Friday, April 2, 2010
CAMBODIA: street children: Methamphetamine usage rising
www.irinnews.org/Report.aspx?ReportId=79917
Shirtless, with crude tattoos and scabs on his upper arms, 24-year-old Thom has been living on the streets of Phnom Penh for the past four years, one of a growing number of youths struggling with their addiction to crystal methamphetamine, also known as “ice”.

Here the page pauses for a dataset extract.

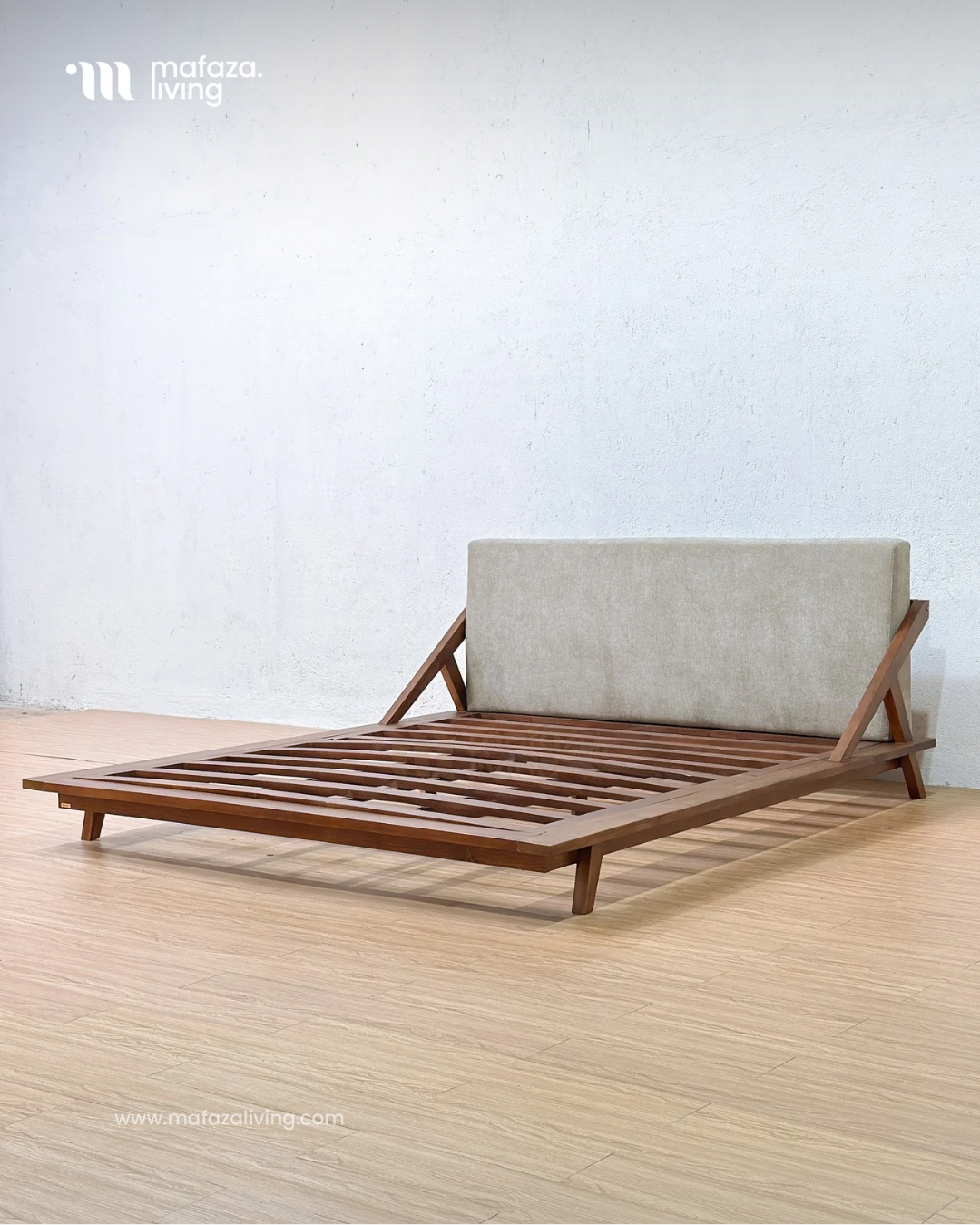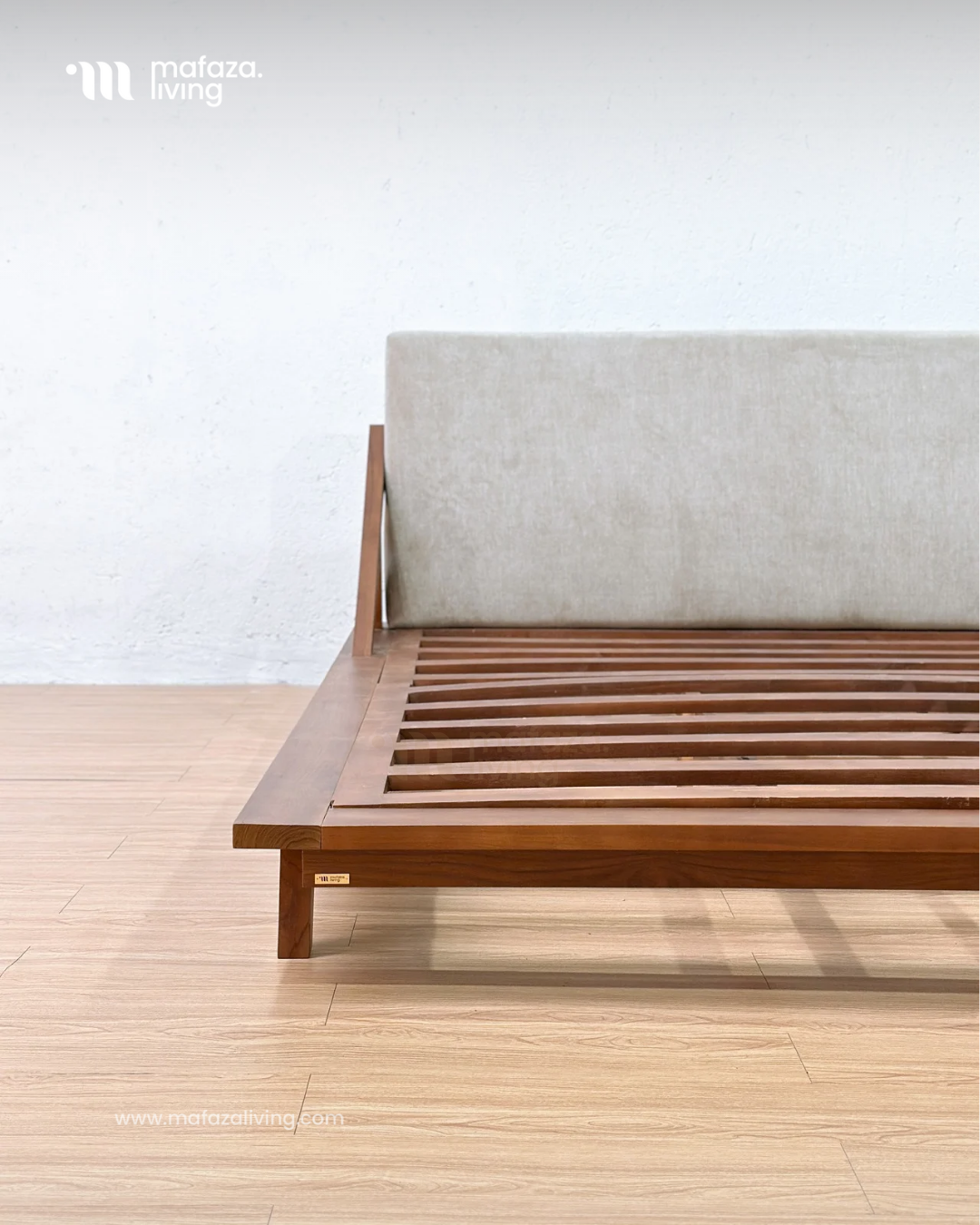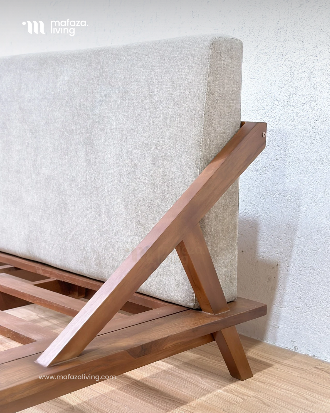 Drommen Teak Wood Bed Frame with Upholstered Headboard 180x200

NEW DRUG OF CHOICE - The NACD report also says there has been a shift in usage, mainly by Cambodian youth who have switched from glue-sniffing to “ice”. In 2000 a survey produced by Mith Samlanh, a local NGO that rehabilitates street children in Phnom Penh, found that 12 percent of street children were using methamphetamines. By 2007 the number had jumped to 87 percent. But what is more alarming is the increase of methamphetamine use among street children aged 12-18, while usage among those in those aged 19-25 declined over the same period. “In 2000, when the substance users first started using drugs, it was sniffing glue,” said David Harding, technical adviser for drug programmes at the NGO Friends International. “Now, over the years, `meth’ has become easily available and turned into the new gateway substance for street kids.” “We are now starting to see small numbers of kids at the age of eight using meth,” Harding added.